• **Exercise details**: From the records below, print only the part that opens with the line containing "Od czwartku 31" and closes with the line containing "During this time, if"; omit the pictures.

• **Data to process**:
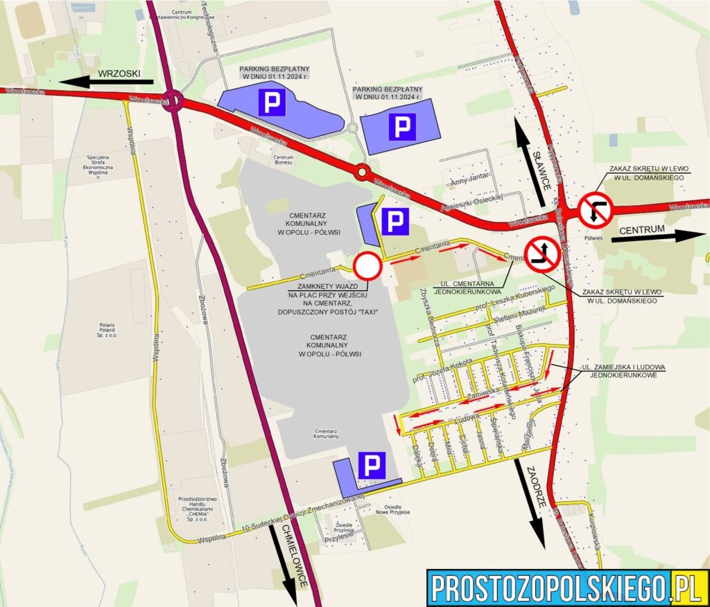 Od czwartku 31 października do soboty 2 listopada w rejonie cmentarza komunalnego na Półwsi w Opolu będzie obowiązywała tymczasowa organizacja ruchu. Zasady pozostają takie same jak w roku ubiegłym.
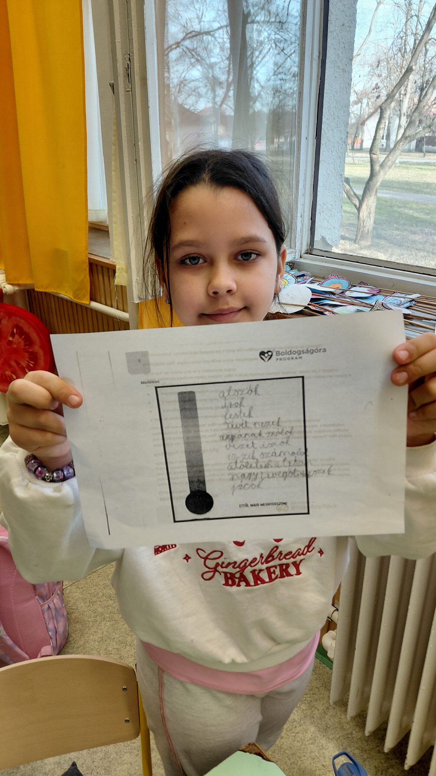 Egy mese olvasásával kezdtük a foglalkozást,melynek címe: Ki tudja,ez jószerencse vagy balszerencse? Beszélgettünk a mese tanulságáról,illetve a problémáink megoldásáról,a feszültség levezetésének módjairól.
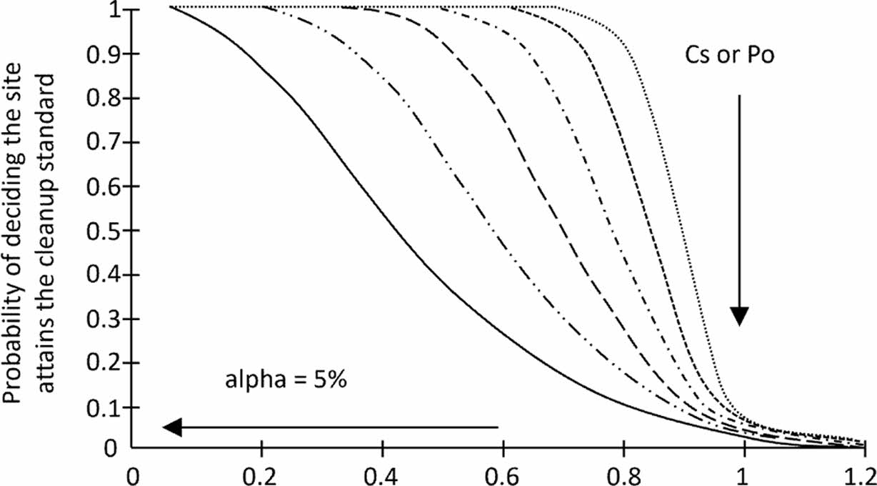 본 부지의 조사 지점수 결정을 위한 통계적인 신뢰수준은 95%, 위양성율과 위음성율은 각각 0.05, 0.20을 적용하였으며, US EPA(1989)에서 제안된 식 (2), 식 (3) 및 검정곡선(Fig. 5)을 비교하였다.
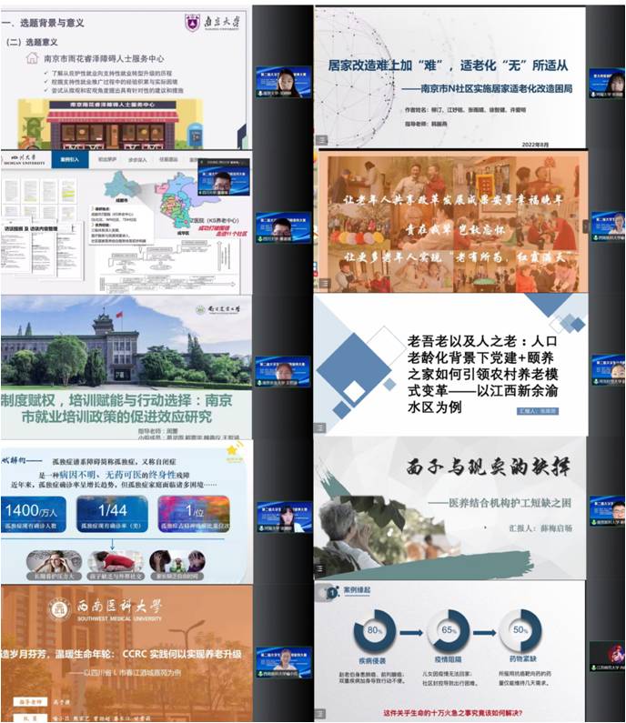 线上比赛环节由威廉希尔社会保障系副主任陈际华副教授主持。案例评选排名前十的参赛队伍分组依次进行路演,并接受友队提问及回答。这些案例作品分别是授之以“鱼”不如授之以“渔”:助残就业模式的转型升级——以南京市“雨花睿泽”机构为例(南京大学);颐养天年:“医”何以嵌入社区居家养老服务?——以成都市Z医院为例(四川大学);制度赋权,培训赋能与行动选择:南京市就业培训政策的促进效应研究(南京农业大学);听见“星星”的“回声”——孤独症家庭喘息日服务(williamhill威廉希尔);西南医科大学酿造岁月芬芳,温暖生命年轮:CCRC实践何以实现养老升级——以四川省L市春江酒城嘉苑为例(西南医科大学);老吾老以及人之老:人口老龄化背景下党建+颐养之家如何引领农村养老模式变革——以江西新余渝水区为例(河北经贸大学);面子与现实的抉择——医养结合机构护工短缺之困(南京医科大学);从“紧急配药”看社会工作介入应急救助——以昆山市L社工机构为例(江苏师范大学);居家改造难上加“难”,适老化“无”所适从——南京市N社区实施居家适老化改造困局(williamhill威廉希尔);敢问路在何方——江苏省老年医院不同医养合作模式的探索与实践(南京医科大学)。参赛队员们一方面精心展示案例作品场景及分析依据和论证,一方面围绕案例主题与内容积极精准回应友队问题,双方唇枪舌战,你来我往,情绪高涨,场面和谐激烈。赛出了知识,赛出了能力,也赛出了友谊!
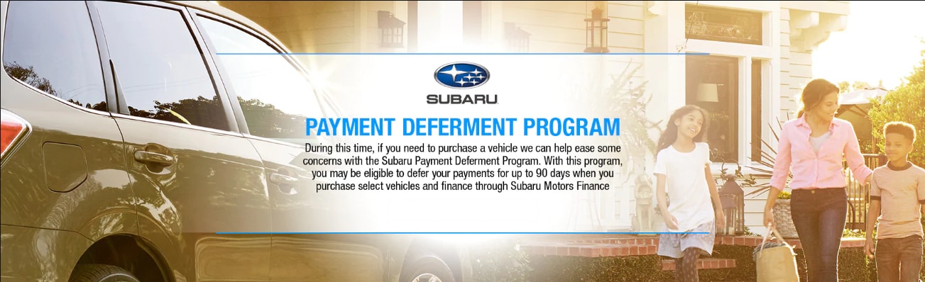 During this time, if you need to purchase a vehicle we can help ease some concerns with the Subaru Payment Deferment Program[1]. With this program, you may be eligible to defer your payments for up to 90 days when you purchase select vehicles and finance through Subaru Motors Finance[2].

...

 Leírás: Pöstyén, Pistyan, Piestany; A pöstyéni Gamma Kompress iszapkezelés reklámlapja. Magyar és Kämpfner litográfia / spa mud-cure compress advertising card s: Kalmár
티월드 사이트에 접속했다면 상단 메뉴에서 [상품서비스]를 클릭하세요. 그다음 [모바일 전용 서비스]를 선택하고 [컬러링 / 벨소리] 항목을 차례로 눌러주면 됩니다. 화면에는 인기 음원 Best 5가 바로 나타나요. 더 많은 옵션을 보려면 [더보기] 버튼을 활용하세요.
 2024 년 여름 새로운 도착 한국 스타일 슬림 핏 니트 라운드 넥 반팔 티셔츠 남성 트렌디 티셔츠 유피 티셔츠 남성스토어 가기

* * *

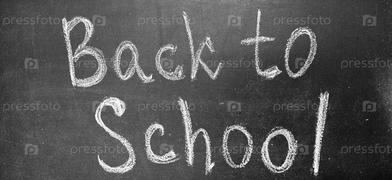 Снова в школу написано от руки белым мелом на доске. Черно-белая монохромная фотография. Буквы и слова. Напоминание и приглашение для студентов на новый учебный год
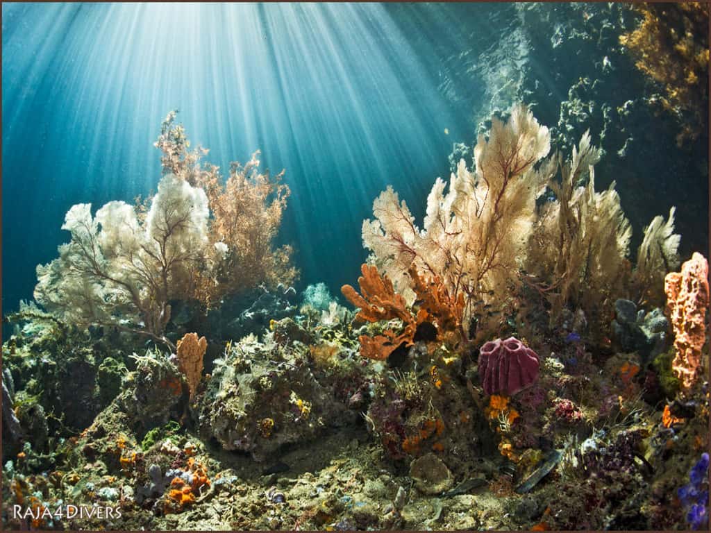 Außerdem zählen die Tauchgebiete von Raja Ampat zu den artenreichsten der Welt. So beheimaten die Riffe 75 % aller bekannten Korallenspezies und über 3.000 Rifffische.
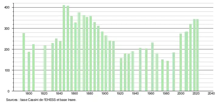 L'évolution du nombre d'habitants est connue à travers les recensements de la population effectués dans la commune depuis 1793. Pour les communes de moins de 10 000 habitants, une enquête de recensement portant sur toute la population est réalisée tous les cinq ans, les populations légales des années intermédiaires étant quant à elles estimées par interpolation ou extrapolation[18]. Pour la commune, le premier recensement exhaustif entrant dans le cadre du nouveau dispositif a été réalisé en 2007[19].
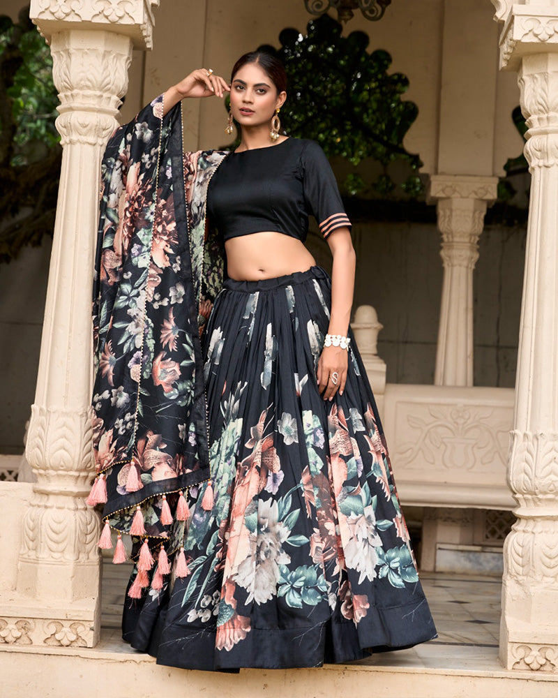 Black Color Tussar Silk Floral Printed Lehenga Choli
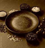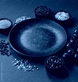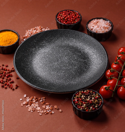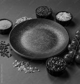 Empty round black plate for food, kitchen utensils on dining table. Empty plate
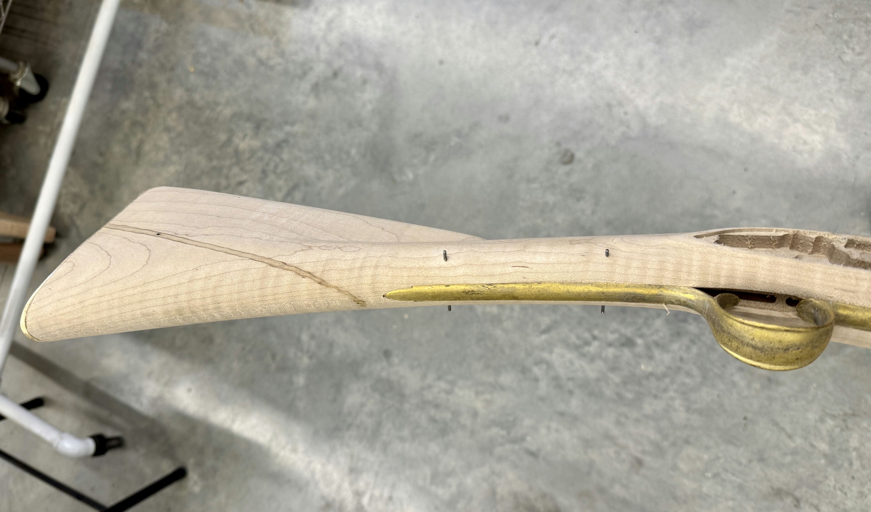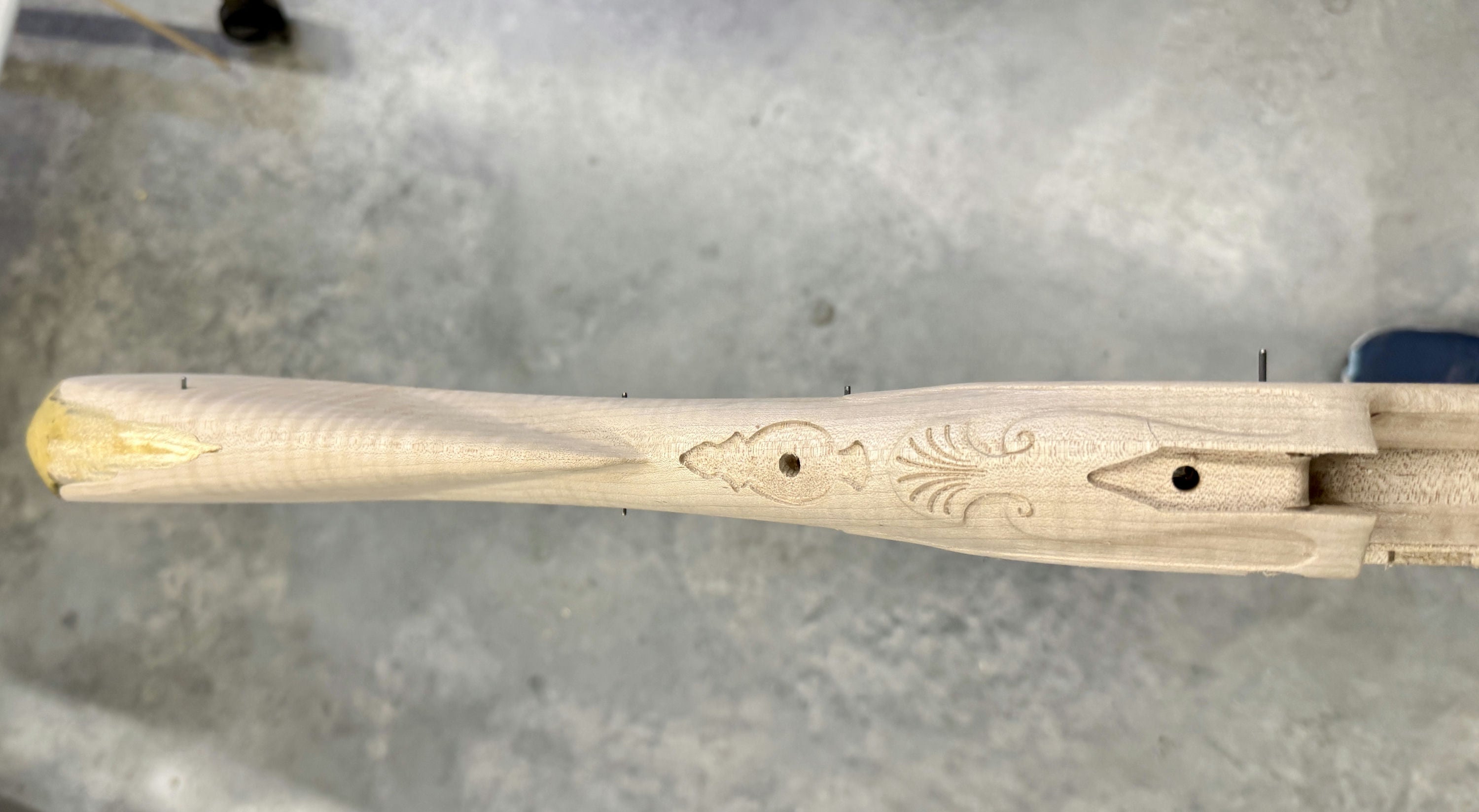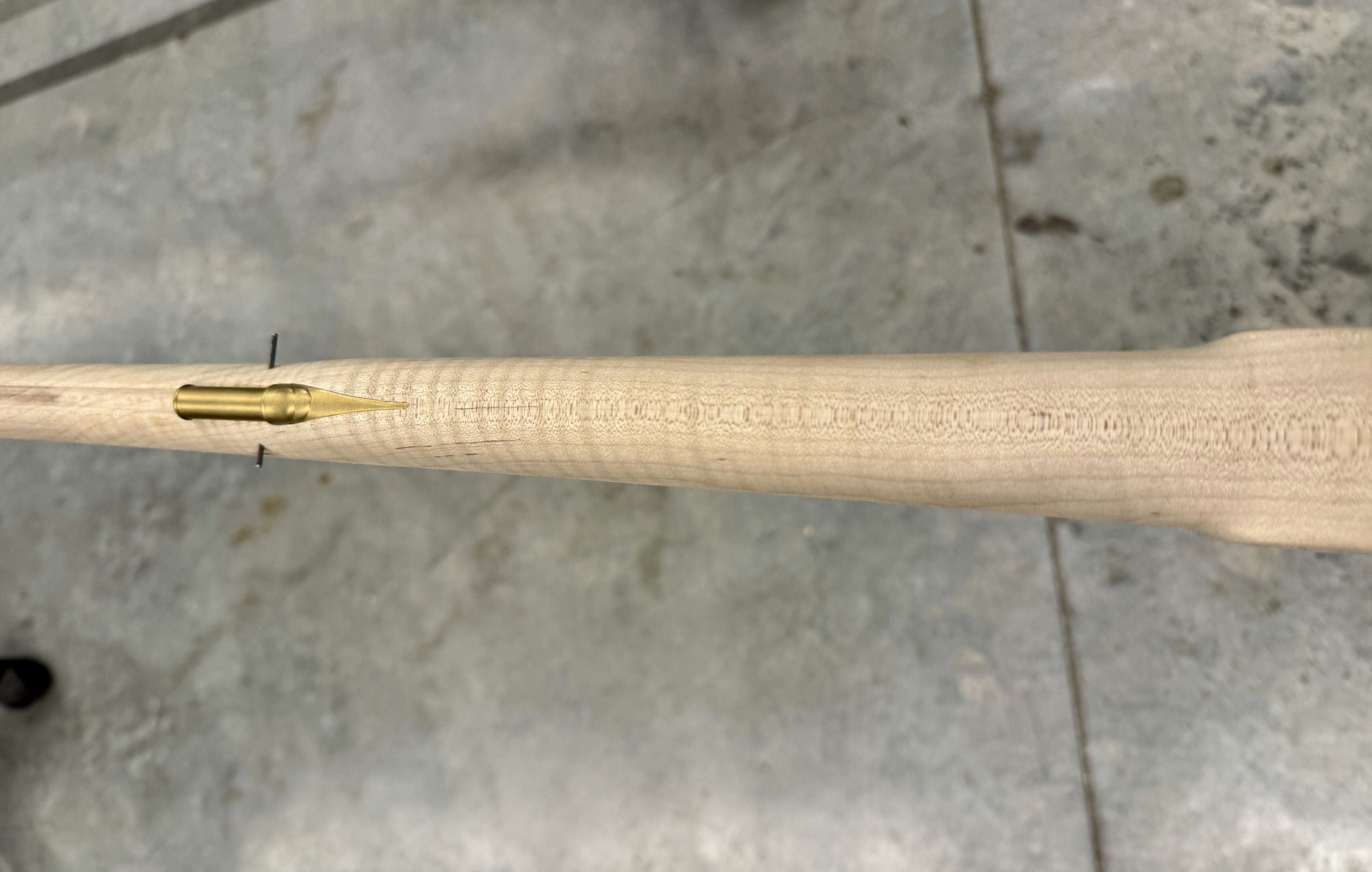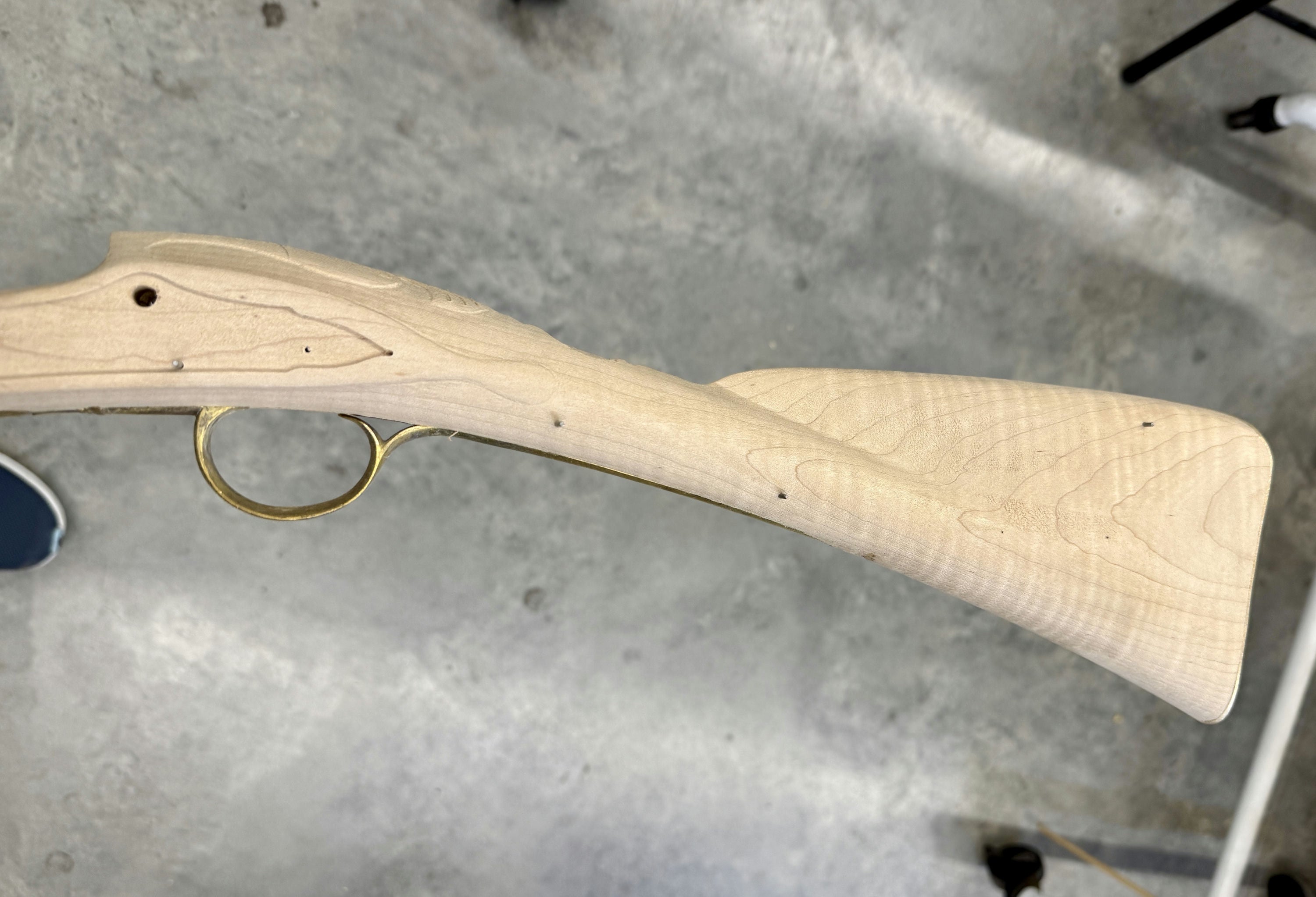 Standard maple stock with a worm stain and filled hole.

• **Response box**:
 Od czwartku 31 października do soboty 2 listopada w rejonie cmentarza komunalnego na Półwsi w Opolu będzie obowiązywała tymczasowa organizacja ruchu. Zasady pozostają takie same jak w roku ubiegłym.
 Egy mese olvasásával kezdtük a foglalkozást,melynek címe: Ki tudja,ez jószerencse vagy balszerencse? Beszélgettünk a mese tanulságáról,illetve a problémáink megoldásáról,a feszültség levezetésének módjairól.
 본 부지의 조사 지점수 결정을 위한 통계적인 신뢰수준은 95%, 위양성율과 위음성율은 각각 0.05, 0.20을 적용하였으며, US EPA(1989)에서 제안된 식 (2), 식 (3) 및 검정곡선(Fig. 5)을 비교하였다.
 线上比赛环节由威廉希尔社会保障系副主任陈际华副教授主持。案例评选排名前十的参赛队伍分组依次进行路演,并接受友队提问及回答。这些案例作品分别是授之以“鱼”不如授之以“渔”:助残就业模式的转型升级——以南京市“雨花睿泽”机构为例(南京大学);颐养天年:“医”何以嵌入社区居家养老服务?——以成都市Z医院为例(四川大学);制度赋权,培训赋能与行动选择:南京市就业培训政策的促进效应研究(南京农业大学);听见“星星”的“回声”——孤独症家庭喘息日服务(williamhill威廉希尔);西南医科大学酿造岁月芬芳,温暖生命年轮:CCRC实践何以实现养老升级——以四川省L市春江酒城嘉苑为例(西南医科大学);老吾老以及人之老:人口老龄化背景下党建+颐养之家如何引领农村养老模式变革——以江西新余渝水区为例(河北经贸大学);面子与现实的抉择——医养结合机构护工短缺之困(南京医科大学);从“紧急配药”看社会工作介入应急救助——以昆山市L社工机构为例(江苏师范大学);居家改造难上加“难”,适老化“无”所适从——南京市N社区实施居家适老化改造困局(williamhill威廉希尔);敢问路在何方——江苏省老年医院不同医养合作模式的探索与实践(南京医科大学)。参赛队员们一方面精心展示案例作品场景及分析依据和论证,一方面围绕案例主题与内容积极精准回应友队问题,双方唇枪舌战,你来我往,情绪高涨,场面和谐激烈。赛出了知识,赛出了能力,也赛出了友谊!
 During this time, if you need to purchase a vehicle we can help ease some concerns with the Subaru Payment Deferment Program[1]. With this program, you may be eligible to defer your payments for up to 90 days when you purchase select vehicles and finance through Subaru Motors Finance[2].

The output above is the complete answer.